INFORMATION GIVEN >>

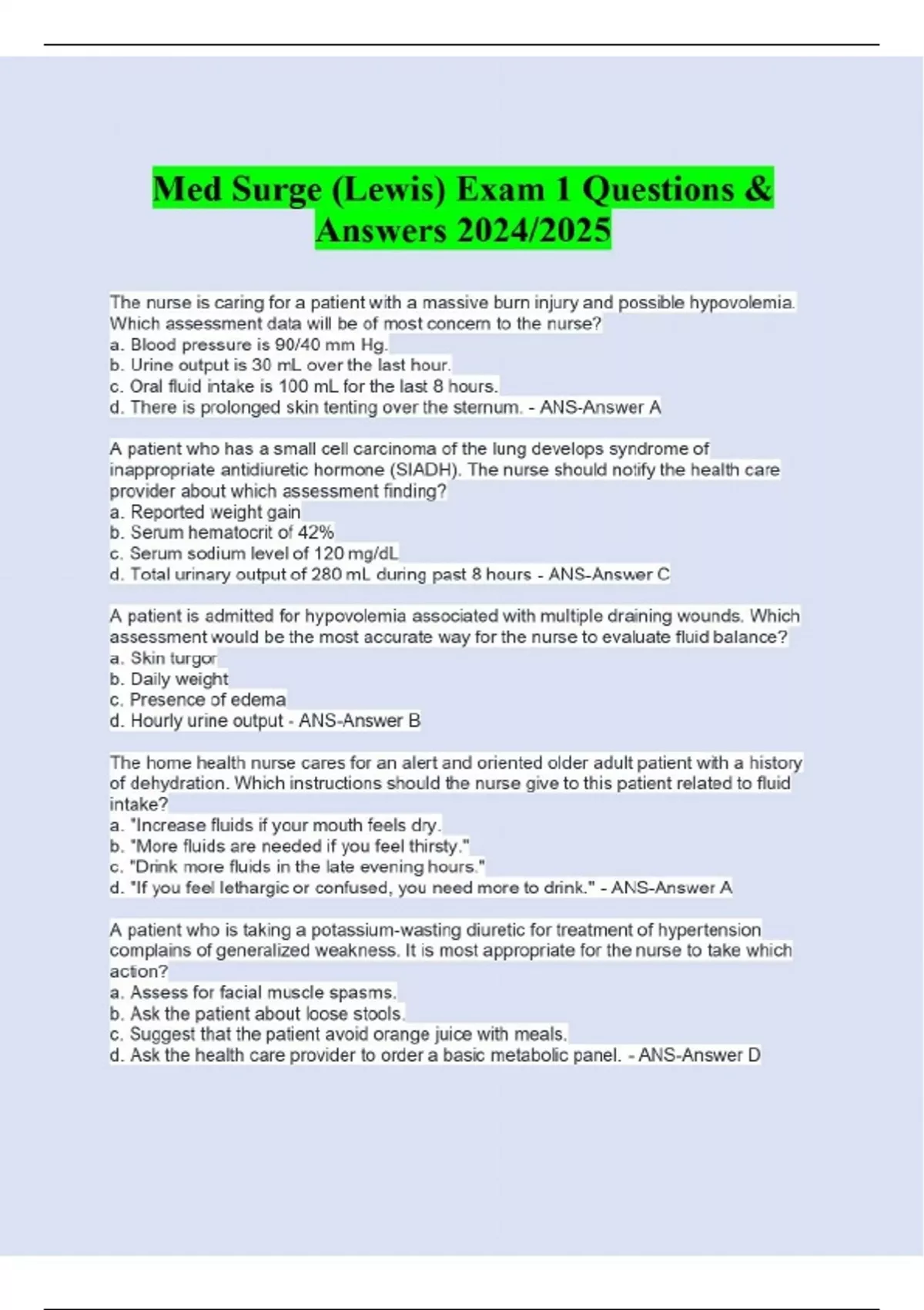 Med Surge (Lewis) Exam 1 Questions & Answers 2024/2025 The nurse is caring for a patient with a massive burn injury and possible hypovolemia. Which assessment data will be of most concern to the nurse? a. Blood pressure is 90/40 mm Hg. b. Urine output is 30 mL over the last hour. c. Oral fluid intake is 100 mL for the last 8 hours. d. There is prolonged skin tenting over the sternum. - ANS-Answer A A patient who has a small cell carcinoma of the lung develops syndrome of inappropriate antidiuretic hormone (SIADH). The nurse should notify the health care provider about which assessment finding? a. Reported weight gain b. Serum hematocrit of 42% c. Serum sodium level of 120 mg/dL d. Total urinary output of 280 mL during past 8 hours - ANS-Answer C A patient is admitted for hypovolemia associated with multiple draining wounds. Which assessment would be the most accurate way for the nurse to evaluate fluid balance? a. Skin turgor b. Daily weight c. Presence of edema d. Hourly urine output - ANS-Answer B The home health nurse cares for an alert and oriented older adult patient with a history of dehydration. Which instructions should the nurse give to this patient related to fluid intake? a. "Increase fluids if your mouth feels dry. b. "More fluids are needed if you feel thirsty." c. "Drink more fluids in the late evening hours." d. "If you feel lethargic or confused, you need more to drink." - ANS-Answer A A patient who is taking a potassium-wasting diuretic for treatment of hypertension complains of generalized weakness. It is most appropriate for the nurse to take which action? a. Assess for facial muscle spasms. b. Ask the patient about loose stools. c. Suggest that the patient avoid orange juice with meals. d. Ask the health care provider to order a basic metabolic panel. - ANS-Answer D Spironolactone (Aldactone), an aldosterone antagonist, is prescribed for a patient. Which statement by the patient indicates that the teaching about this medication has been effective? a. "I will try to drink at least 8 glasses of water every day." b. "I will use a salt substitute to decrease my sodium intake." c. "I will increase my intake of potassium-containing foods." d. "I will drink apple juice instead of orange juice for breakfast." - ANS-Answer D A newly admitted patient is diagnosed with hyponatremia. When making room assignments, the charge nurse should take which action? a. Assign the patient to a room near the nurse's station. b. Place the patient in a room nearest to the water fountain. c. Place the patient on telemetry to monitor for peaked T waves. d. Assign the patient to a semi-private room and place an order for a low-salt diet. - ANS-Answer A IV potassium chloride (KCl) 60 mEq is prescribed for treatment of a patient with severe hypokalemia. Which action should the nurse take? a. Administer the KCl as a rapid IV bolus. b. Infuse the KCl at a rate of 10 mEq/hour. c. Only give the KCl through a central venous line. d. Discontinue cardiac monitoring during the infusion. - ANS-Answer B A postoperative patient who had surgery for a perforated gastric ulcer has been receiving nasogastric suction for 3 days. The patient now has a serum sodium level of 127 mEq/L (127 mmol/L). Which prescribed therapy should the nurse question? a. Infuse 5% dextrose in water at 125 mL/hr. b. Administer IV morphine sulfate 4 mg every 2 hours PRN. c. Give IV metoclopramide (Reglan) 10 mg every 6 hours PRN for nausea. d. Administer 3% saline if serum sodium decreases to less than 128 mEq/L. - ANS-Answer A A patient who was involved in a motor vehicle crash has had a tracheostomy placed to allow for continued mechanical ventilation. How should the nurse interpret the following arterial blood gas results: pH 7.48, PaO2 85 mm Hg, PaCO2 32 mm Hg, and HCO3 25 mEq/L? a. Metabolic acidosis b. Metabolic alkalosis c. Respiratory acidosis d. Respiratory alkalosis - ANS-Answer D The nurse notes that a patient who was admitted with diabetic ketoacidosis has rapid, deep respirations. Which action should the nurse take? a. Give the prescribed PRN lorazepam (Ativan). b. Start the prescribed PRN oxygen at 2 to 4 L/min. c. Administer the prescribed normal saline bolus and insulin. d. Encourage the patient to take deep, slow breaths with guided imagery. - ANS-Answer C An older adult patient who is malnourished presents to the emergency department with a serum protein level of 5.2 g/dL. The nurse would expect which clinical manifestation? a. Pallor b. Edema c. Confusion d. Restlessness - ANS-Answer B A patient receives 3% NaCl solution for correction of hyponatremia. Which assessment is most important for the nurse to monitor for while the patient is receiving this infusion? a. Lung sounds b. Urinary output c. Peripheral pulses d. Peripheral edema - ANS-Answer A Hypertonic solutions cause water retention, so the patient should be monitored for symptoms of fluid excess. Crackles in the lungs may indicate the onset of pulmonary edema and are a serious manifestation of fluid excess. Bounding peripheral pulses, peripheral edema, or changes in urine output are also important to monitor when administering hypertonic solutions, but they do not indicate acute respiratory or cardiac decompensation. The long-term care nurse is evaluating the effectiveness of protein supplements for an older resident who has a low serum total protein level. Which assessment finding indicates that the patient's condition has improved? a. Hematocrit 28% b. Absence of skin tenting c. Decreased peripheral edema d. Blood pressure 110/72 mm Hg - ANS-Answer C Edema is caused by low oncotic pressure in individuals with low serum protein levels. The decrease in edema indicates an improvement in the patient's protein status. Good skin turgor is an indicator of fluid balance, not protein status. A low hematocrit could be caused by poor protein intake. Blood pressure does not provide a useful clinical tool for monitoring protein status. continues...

---

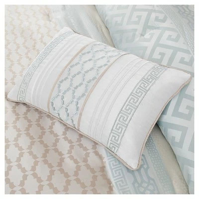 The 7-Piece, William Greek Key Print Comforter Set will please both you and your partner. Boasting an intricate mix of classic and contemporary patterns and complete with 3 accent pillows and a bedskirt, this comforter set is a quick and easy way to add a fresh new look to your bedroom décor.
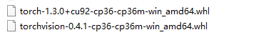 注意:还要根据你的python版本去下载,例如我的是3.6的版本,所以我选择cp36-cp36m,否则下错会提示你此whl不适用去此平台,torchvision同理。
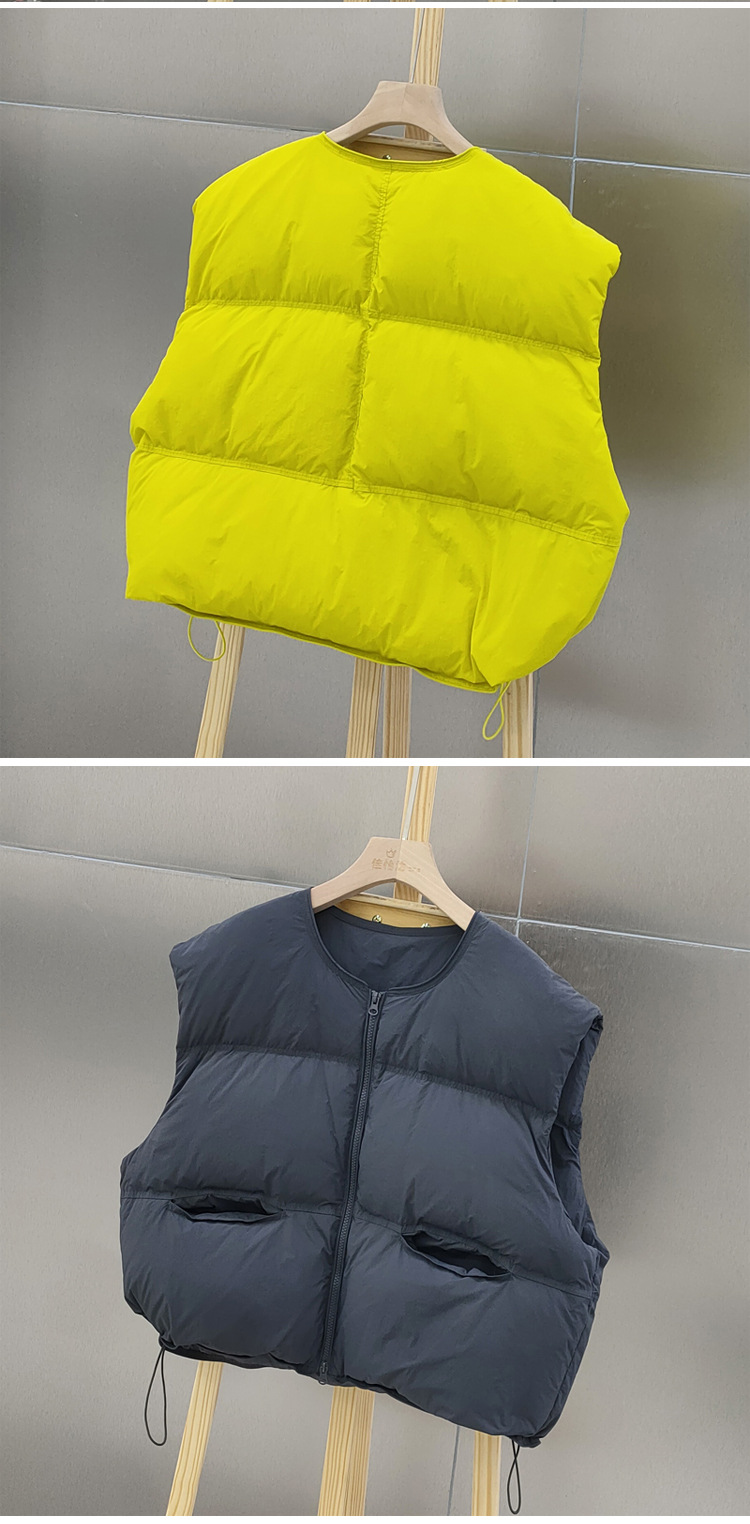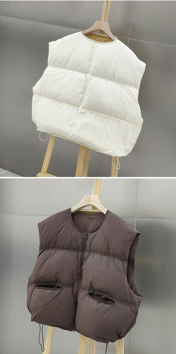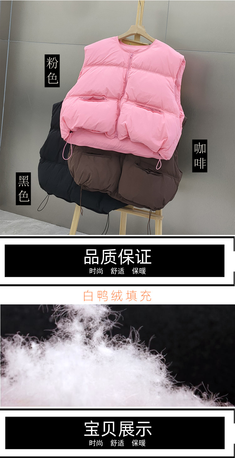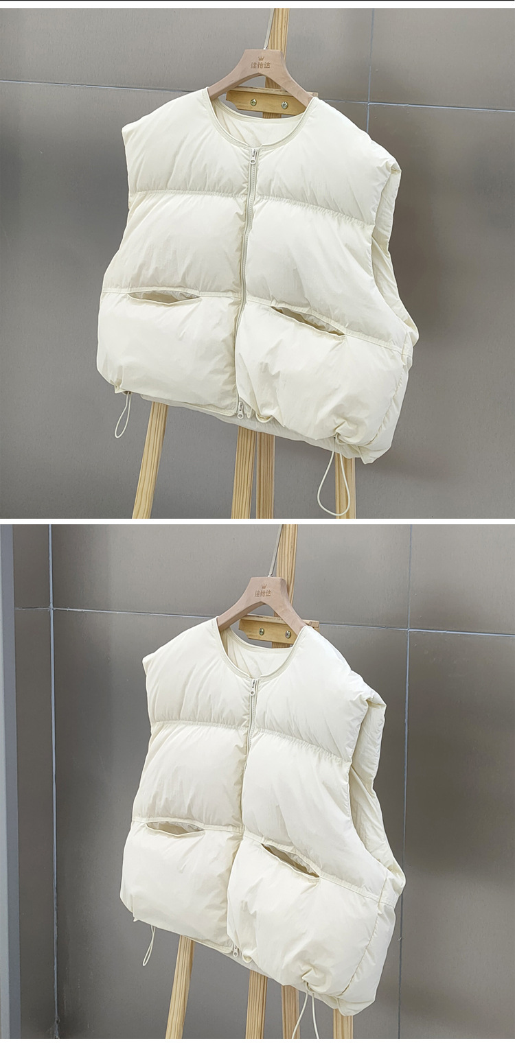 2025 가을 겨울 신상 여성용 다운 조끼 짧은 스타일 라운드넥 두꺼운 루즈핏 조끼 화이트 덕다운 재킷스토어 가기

WHAT IS BEING ASKED >> Could the stretch from the line with "The 7-Piece, William" through the line with "2025 가을 겨울 신상" in the listing above be restated word for word, minus the pictures?

TASK SOLUTION >>
 The 7-Piece, William Greek Key Print Comforter Set will please both you and your partner. Boasting an intricate mix of classic and contemporary patterns and complete with 3 accent pillows and a bedskirt, this comforter set is a quick and easy way to add a fresh new look to your bedroom décor.
 注意:还要根据你的python版本去下载,例如我的是3.6的版本,所以我选择cp36-cp36m,否则下错会提示你此whl不适用去此平台,torchvision同理。
 2025 가을 겨울 신상 여성용 다운 조끼 짧은 스타일 라운드넥 두꺼운 루즈핏 조끼 화이트 덕다운 재킷스토어 가기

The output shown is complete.